• Work to be completed: In the material below, find the line with "Esta carga masiva" and the line with "до двух недель.". Output exactly those two lines and all lines between them, leaving out pictures.

• Records for this exercise:

↓

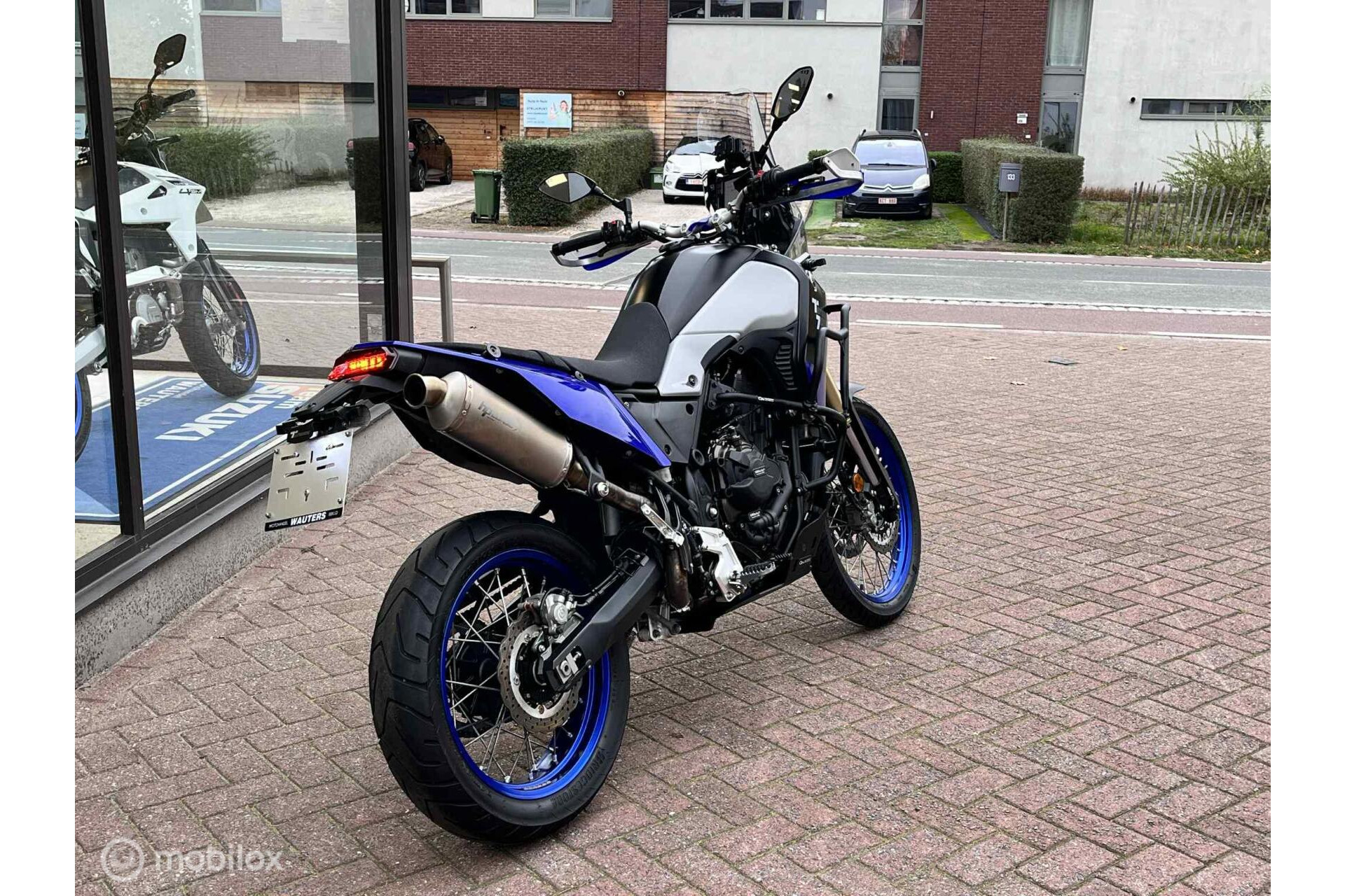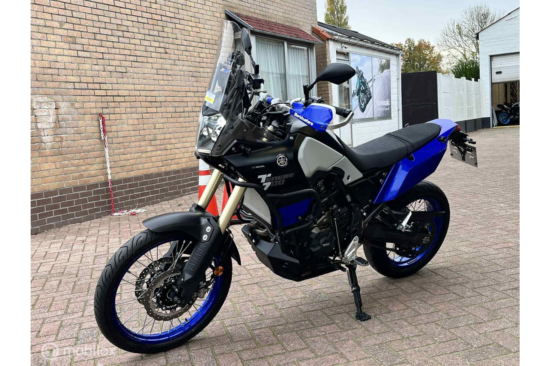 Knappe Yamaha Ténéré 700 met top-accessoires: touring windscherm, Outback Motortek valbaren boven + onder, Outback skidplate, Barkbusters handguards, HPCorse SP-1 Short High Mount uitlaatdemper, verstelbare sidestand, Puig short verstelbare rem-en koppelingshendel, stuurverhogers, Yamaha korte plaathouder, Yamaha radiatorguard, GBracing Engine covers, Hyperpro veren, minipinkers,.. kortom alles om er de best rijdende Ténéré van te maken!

↑
↓

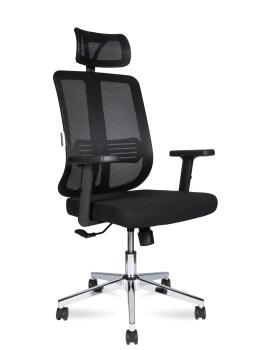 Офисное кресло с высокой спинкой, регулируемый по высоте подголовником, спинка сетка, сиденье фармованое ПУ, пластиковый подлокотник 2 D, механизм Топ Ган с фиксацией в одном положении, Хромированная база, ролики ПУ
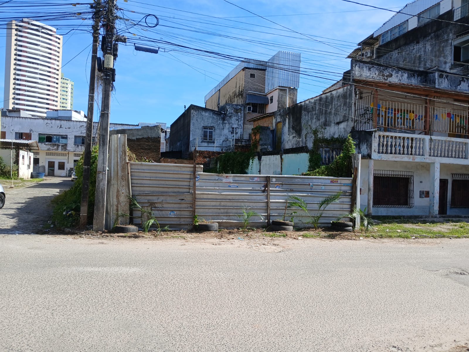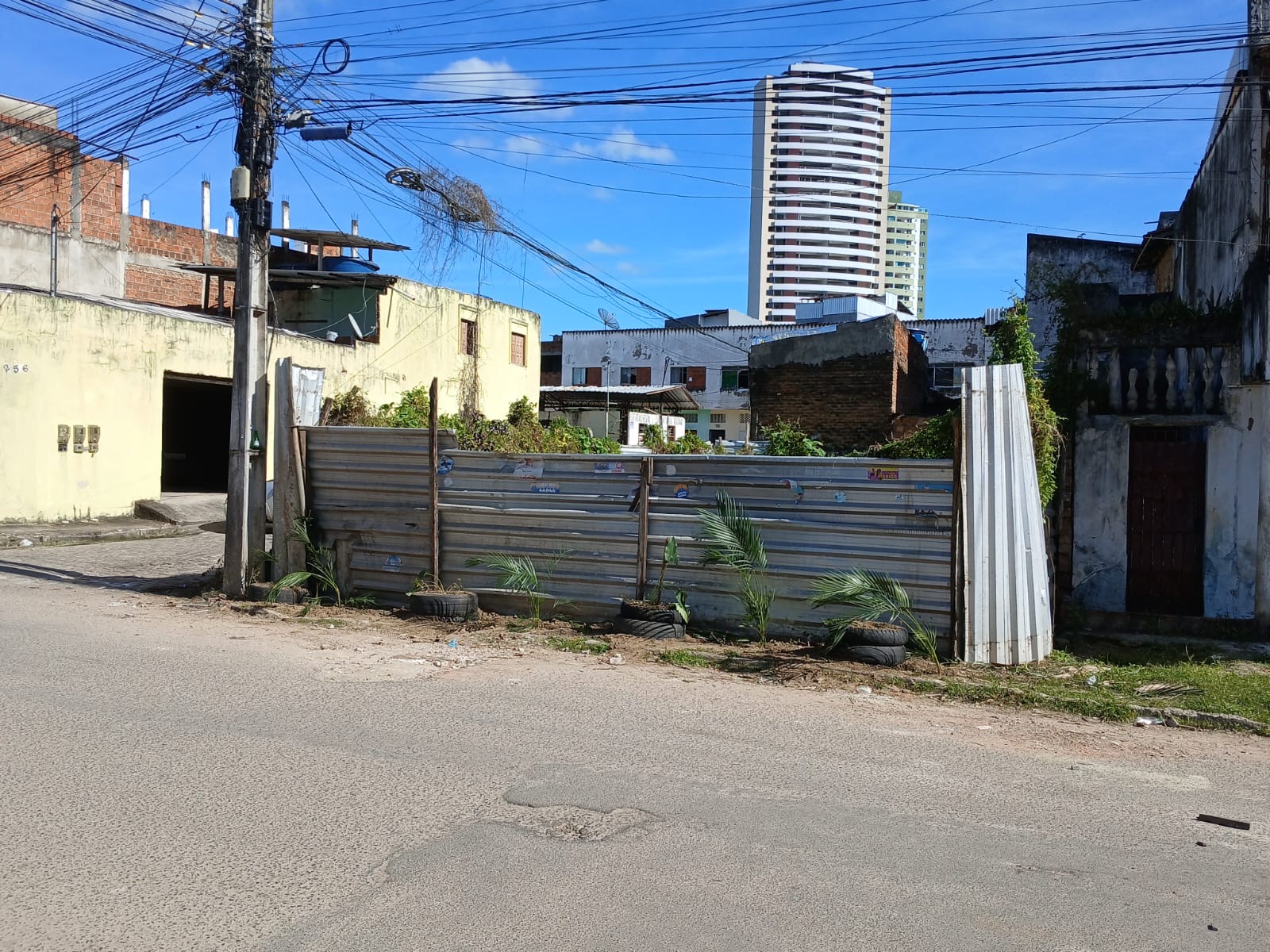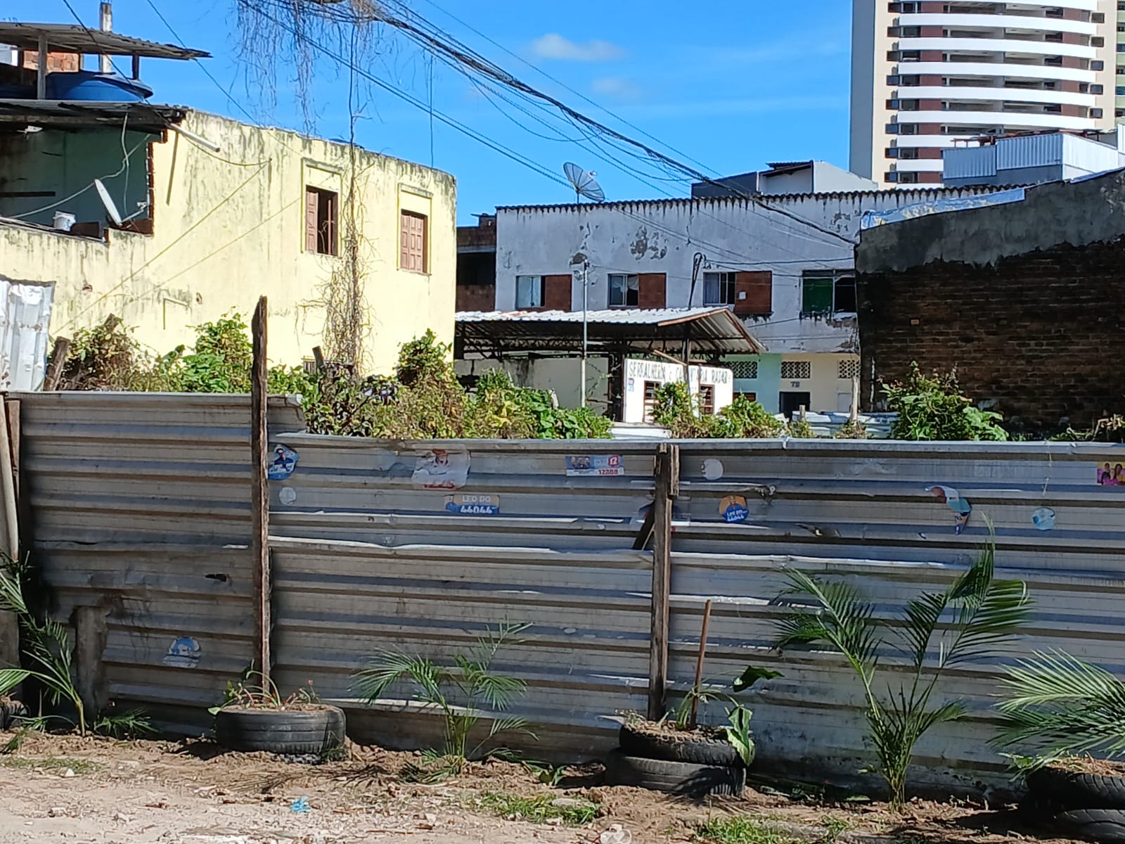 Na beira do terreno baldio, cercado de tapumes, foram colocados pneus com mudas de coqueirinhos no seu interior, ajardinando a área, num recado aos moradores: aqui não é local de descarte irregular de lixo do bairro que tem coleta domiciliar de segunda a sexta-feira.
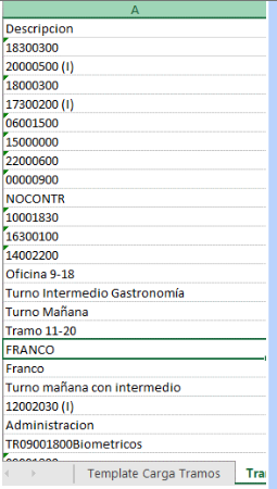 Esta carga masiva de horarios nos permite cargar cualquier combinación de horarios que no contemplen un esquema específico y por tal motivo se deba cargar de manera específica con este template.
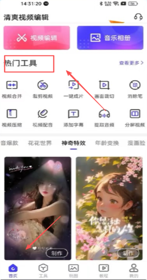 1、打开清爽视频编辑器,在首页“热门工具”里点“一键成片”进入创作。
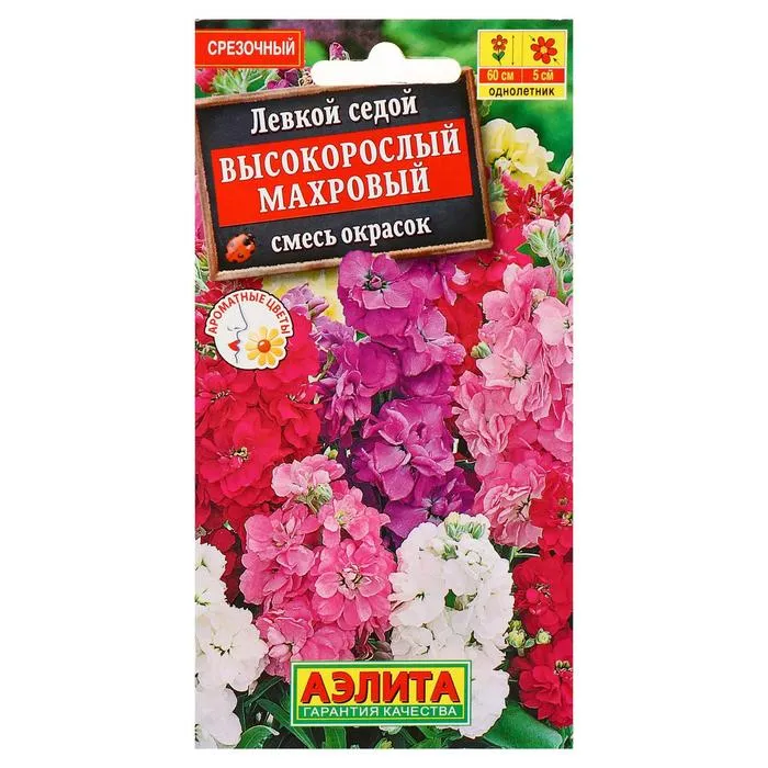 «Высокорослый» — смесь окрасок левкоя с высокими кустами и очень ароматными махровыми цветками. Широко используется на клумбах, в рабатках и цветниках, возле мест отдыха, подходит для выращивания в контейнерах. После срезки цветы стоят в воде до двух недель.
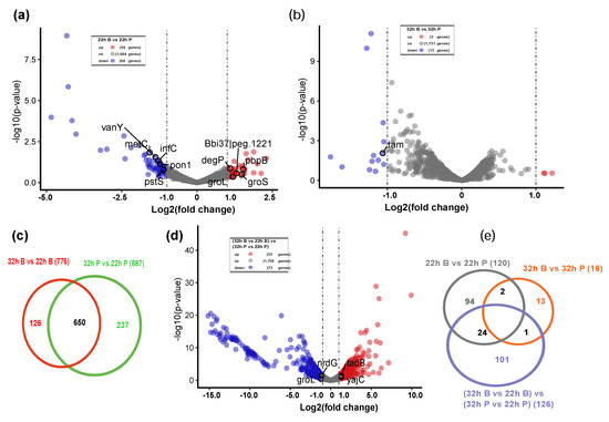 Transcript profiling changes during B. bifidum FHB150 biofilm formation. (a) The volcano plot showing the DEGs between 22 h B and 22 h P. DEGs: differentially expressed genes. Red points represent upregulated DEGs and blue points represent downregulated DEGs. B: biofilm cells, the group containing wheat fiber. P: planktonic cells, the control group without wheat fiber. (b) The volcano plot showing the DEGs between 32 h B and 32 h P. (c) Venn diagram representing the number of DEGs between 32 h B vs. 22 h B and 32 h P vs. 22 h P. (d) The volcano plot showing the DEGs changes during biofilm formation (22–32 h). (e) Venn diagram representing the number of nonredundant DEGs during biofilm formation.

↑

• Output of the exercise:
 Esta carga masiva de horarios nos permite cargar cualquier combinación de horarios que no contemplen un esquema específico y por tal motivo se deba cargar de manera específica con este template.
 1、打开清爽视频编辑器,在首页“热门工具”里点“一键成片”进入创作。
 «Высокорослый» — смесь окрасок левкоя с высокими кустами и очень ароматными махровыми цветками. Широко используется на клумбах, в рабатках и цветниках, возле мест отдыха, подходит для выращивания в контейнерах. После срезки цветы стоят в воде до двух недель.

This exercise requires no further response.